2. **Device API-based CustomAllReduce** — an intra-node AllReduce collective implemented entirely through FlagCX Device API primitives, allowing custom kernels to perform AllReduce without host-side scheduling overhead.
3. **Device API IR Bindings for Triton** — a set of C IR wrapper functions (compilable via LLVM bitcode) that expose FlagCX device-side communication primitives to Triton-generated kernels.

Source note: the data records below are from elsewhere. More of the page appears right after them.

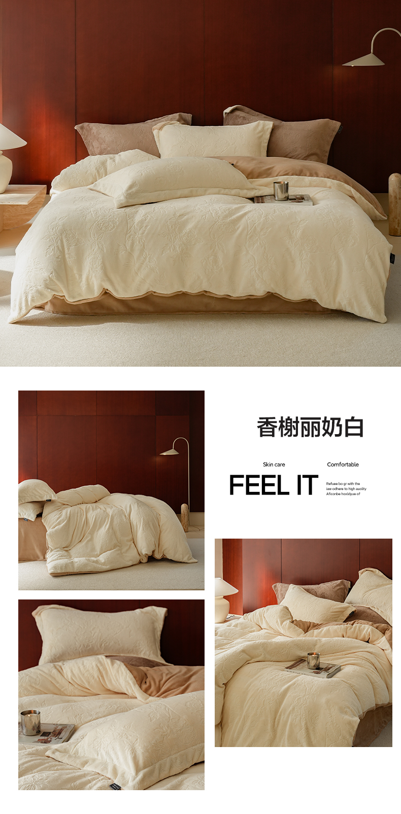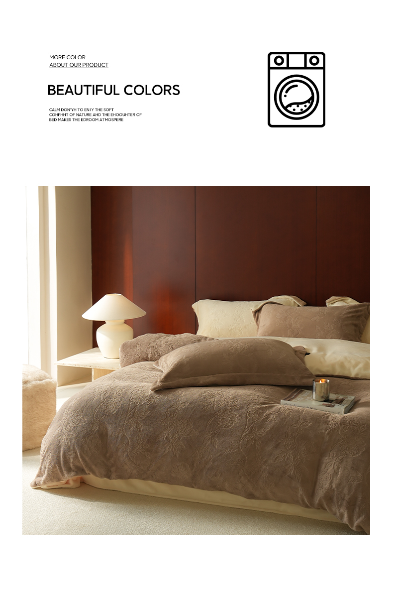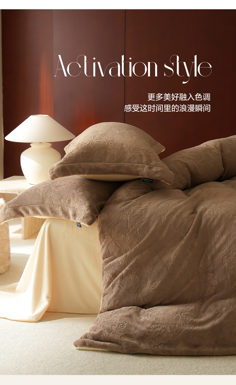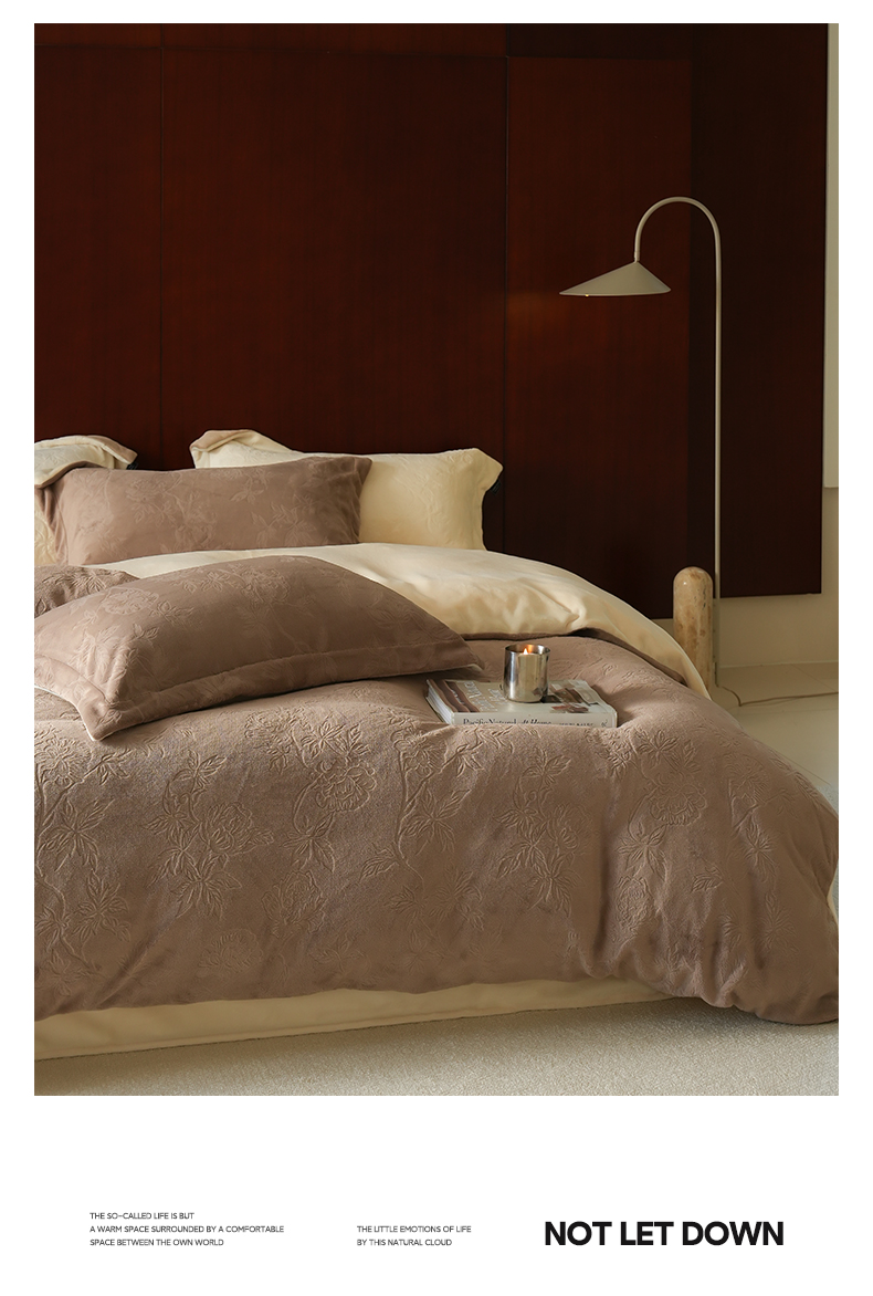 商品名称:三味舒屋 2025新款全消光雕花牛奶绒四件套-香榭丽 香榭丽咖
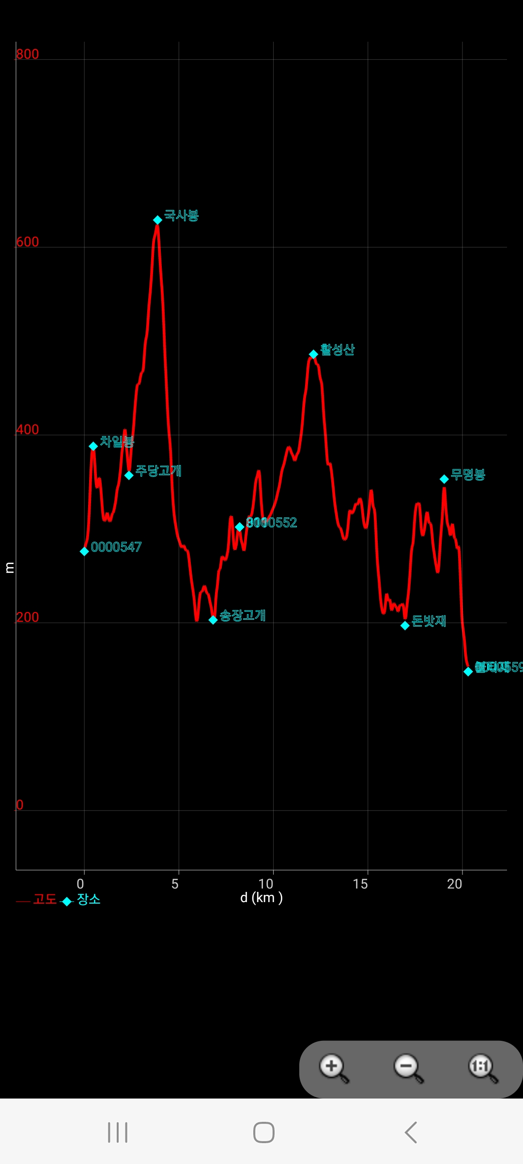 - 11시00분 : 20.2km 불티재(7시간)
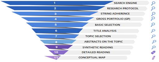 The bibliographic analysis performed in specialized scientific publications or studies under construction is presented through a time interval from 2011 to 2021. The research methodology adopted in this work involved the following steps:

Repository: https://github.com/flagos-ai/FlagCX

---

## Motivation

### Goals

- **P2P Engine:** Provide a hardware-abstracted, one-sided RDMA engine that supports high-performance P2P communications widely used in LLM inference scenarios, such as prefill-decode disaggregation. Currently, FlagCX P2P engine have been to used as vLLM KV transfer connector and integrated as a NIXL backend.
- **Device API CustomAllReduce:** Achieve low-latency AllReduce using Device API to address intra-node small-to-medium message size communication.
- **Device API IR Bindings:** Enable Triton-compiled kernels to call FlagCX Device API (rank queries, intra-node pointer access, barriers, etc.) via LLVM bitcode.

---

## Proposal

### Feature 1: P2P Engine

A standalone P2P engine (`FlagcxP2pEngine`) is introduced with a C++ API for one-sided RDMA and two-sided send/recv operations. The engine:

- Creates and manages RDMA connections over IBRC (InfiniBand Reliable Connected) QPs.
- Exposes vectorized read/write (`flagcxP2pEngineReadVector`, `flagcxP2pEngineWriteVector`) suitable for scatter-gather KV cache transfers.
- Provides an out-of-band notification channel for completion signaling.
- Integrates with FlagCX's existing topology manager (`flagcxP2pTopoManager`) to select the optimal NIC per GPU.

Users of vLLM, NIXL, Mooncake or custom disaggregation frameworks can use the P2P engine as a low-level RDMA substrate. A patch for NIXL v1.1.0 integration (`plugin/nixl/flagcx_p2p_on_nixl_v1.1.0.patch`) is provided.

### Feature 2: Device API-based CustomAllReduce

`flagcxIntraAllReduce` is a kernel-based AllReduce that operates on a registered shared memory window (`flagcxDevMem_t`) using LSA or Multicast. The host-side setup:

1. Allocate a symmetric buffer (`flagcxMemAlloc` for VMM/window mode, or `cudaMalloc` for IPC mode).
2. Register it: `flagcxCommWindowRegister` (window mode) or `flagcxCommRegister` (IPC mode).
3. Create device handles: `flagcxDevCommCreate` + `flagcxDevMemCreate`.
4. Get device pointers: `flagcxDevCommGetDevicePtr` + `flagcxDevMemGetDevicePtr`.
5. Call `flagcxIntraAllReduce(devMem, count, datatype, devComm, stream)` from the host.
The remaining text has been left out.